Records from a collection
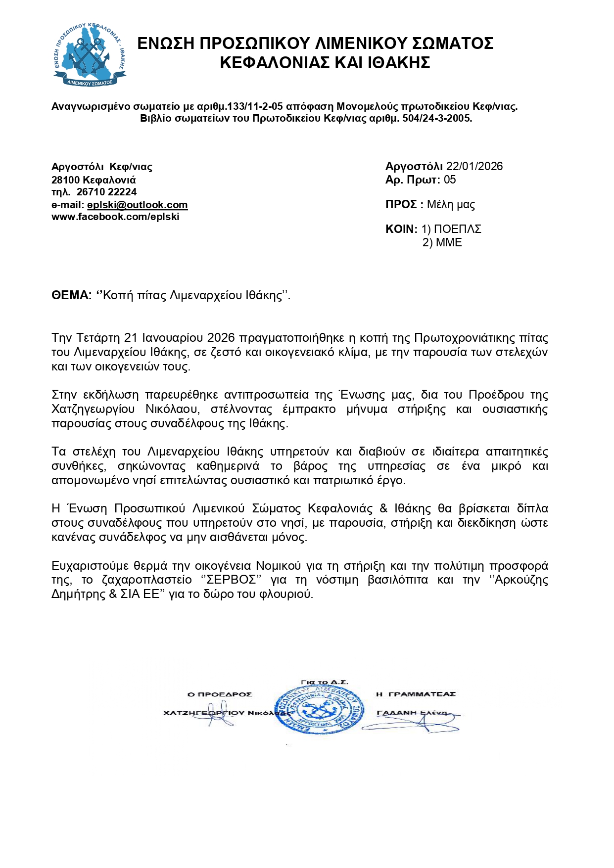 Έκοψε την πρωτοχρονιάτικη πίτα του το Λιμεναρχείο Ιθάκης
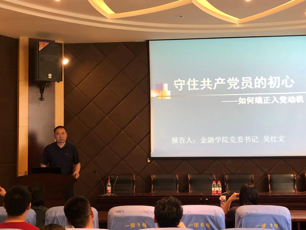 培训课上,吴书记强调,严明纪律是党员的生命线,要求所有党员发展对象要以正式党员标准要求严格要求自己,争取做一个合格党员。随后,吴书记从“共产党员的初心是什么”、“初心检验标准”等三个方面展开本次教育培训。他首先向大家阐述了“四个伟大”的重要意义,结合“不忘初心,牢记使命”主题教育,引用习近平总书记的系列讲话,向党员发展对象明确了党员的初心和使命。吴书记要求所有党员发展对象要做到“吃苦在前,享乐在后”,切实发挥出先进性和先锋性作用。他强调,党员发展对象要从思想上入党、政治上入党,牢记党员义务和权利,提出从政治、思想、理论等五个方面检验入党动机,为成为一名合格的预备党员打好基础。吴书记着重强调党员发展对象要“坚持不犯错误”,要自始至终同党中央保持高度一致,认真学习践行习近平新时代中国特色社会主义思想,作为金融学子更要着重经济问题,树立起强烈的经济意识。最后,吴书记就“如何守住初心”与党员发展对象进行深入交流,结合“三严三实”教育大家要牢记初心,坚守党员信念,做无愧于党、无愧于组织的合格党员。
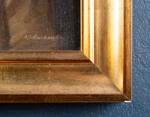 Alexander Strahan Buchanan (1870-1956) was a London painter who exhibited between 1902 and 1914. As his son was born in 1910, this work would have been painted c.1913. It is a wonderfully delicate work with great use of colour and light.
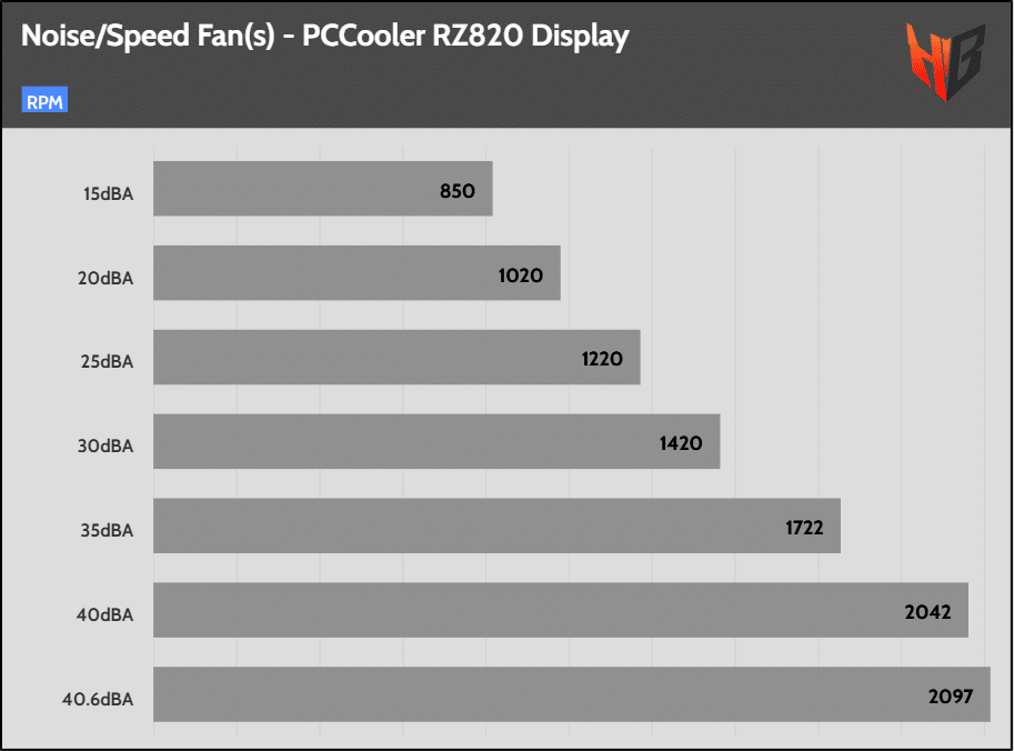 For these tests, I set the cooler’s fan(s) to speeds with noise output at the following predefined levels: 20/25/30/35/40 dBA. I skip the corresponding tests if the cooler’s fan(s) cannot reach some noise levels. Finally, I include a test where the cooler’s fan(s) spin at full speed.
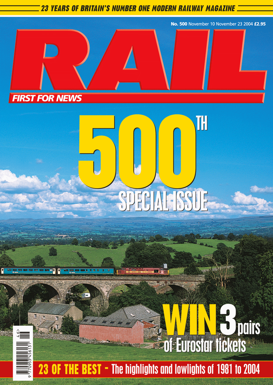 RAIL 500: RAIL celebrates with a fold-out cover showing the Settle-Carlisle Line. Then Secretary of State for Transport Alistair Darling says: “RAIL magazine never fails to deliver on its promise to be first for news, which is why it is so high on my ‘must-read’ list.”
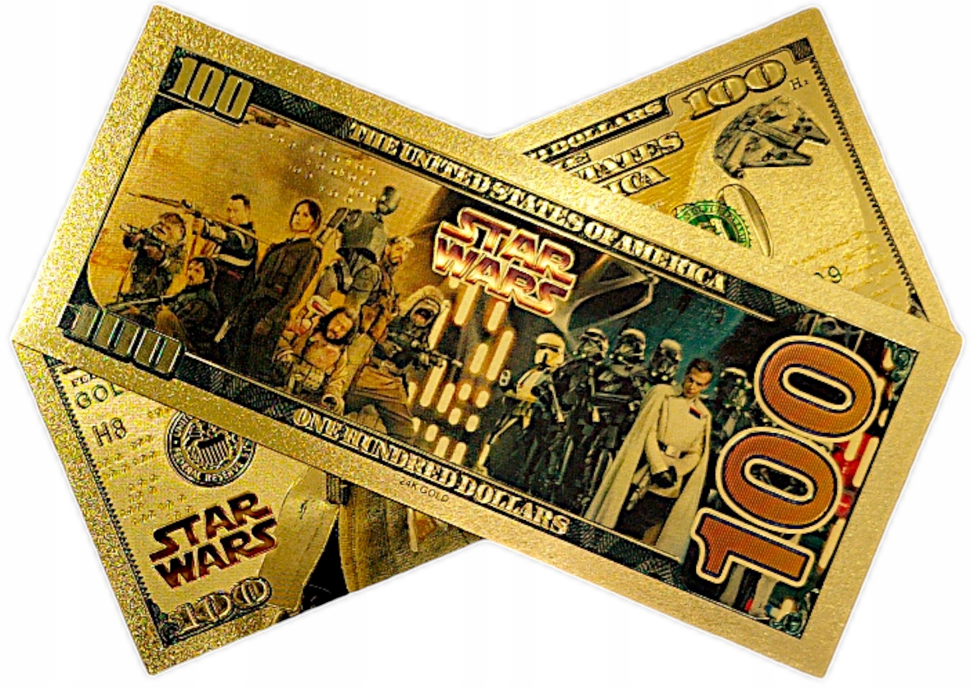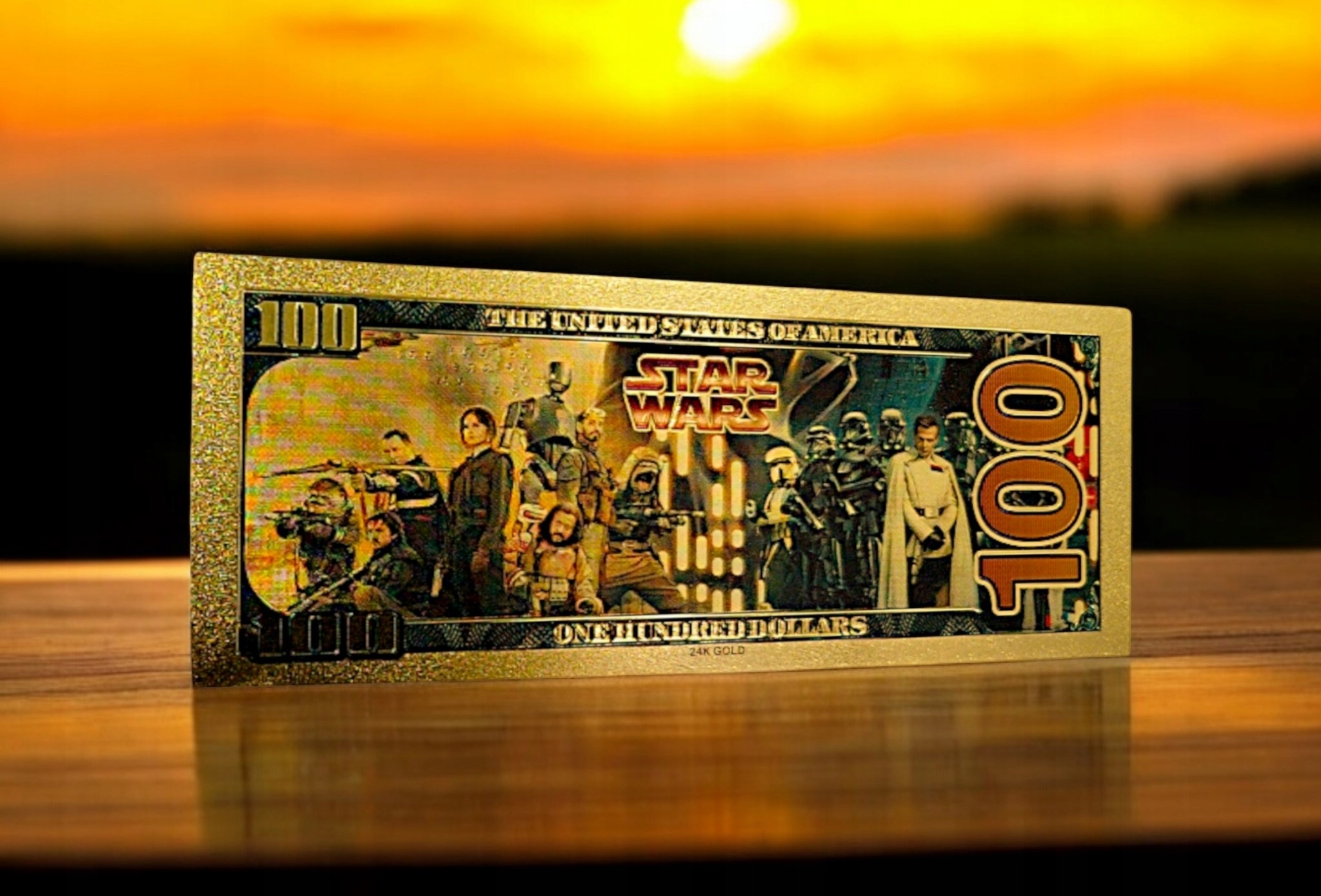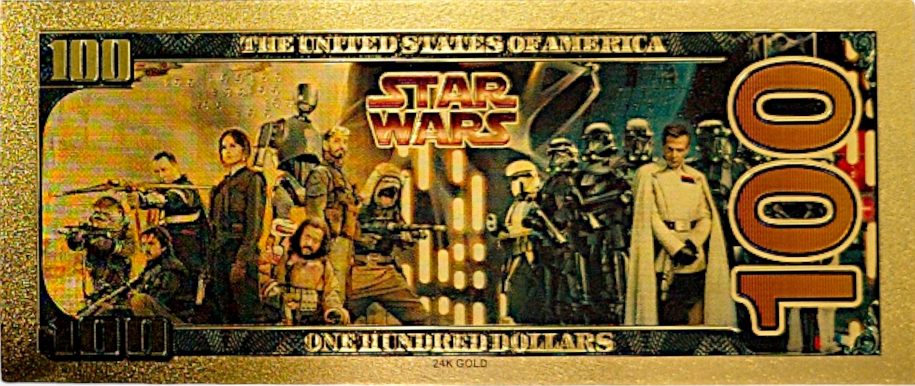 Банкнота достоинством 100 долларов с мотивом из серии «ЗВЕЗДНЫЕ ВОЙНЫ» относится к так называемому «записки знаменитостей», то есть долларовые купюры с портретами кинозвезд или вымышленных персонажей, например, из сказок.
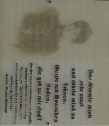 Der Vorgänger des heutigen Gebäudes wurde vermutlich Ende des 18. Jahrhunderts errichtet. In den 1820er Jahren eröffnete Josef Landauer, der erste jüdische Bäckermeister in Hohenems, hier sein Gasthaus „Zur Frohen Aussicht“, und heiratete Jeanette Winkler aus Franken. Noch hundert Jahre später wurde das Gasthaus im Volksmund „bi da Schanet“ genannt.
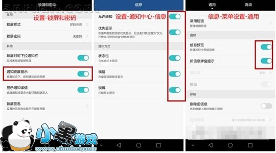 手机最重要的就是收发讯息,有朋友消息延迟、收不到?那是因为你搞错啦——下面的步骤仔细看好:设置-通知中心-打开信息提示的所有开关。并且打开设置-锁屏和密码-通知亮屏提示。此外,如果是短信通知,在短信-菜单-设置-打开信息预览和弹窗提示。
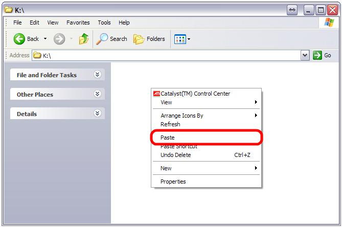 5. Open root directory of USB FlashDrive, Right Click and "Paste"

▶ Work to complete: Each line above from the one containing "For these tests, I" through the one containing "Банкнота достоинством 100" is to be returned verbatim. Nothing else, and no pictures.

▶ Task answer:
 For these tests, I set the cooler’s fan(s) to speeds with noise output at the following predefined levels: 20/25/30/35/40 dBA. I skip the corresponding tests if the cooler’s fan(s) cannot reach some noise levels. Finally, I include a test where the cooler’s fan(s) spin at full speed.
 RAIL 500: RAIL celebrates with a fold-out cover showing the Settle-Carlisle Line. Then Secretary of State for Transport Alistair Darling says: “RAIL magazine never fails to deliver on its promise to be first for news, which is why it is so high on my ‘must-read’ list.”
 Банкнота достоинством 100 долларов с мотивом из серии «ЗВЕЗДНЫЕ ВОЙНЫ» относится к так называемому «записки знаменитостей», то есть долларовые купюры с портретами кинозвезд или вымышленных персонажей, например, из сказок.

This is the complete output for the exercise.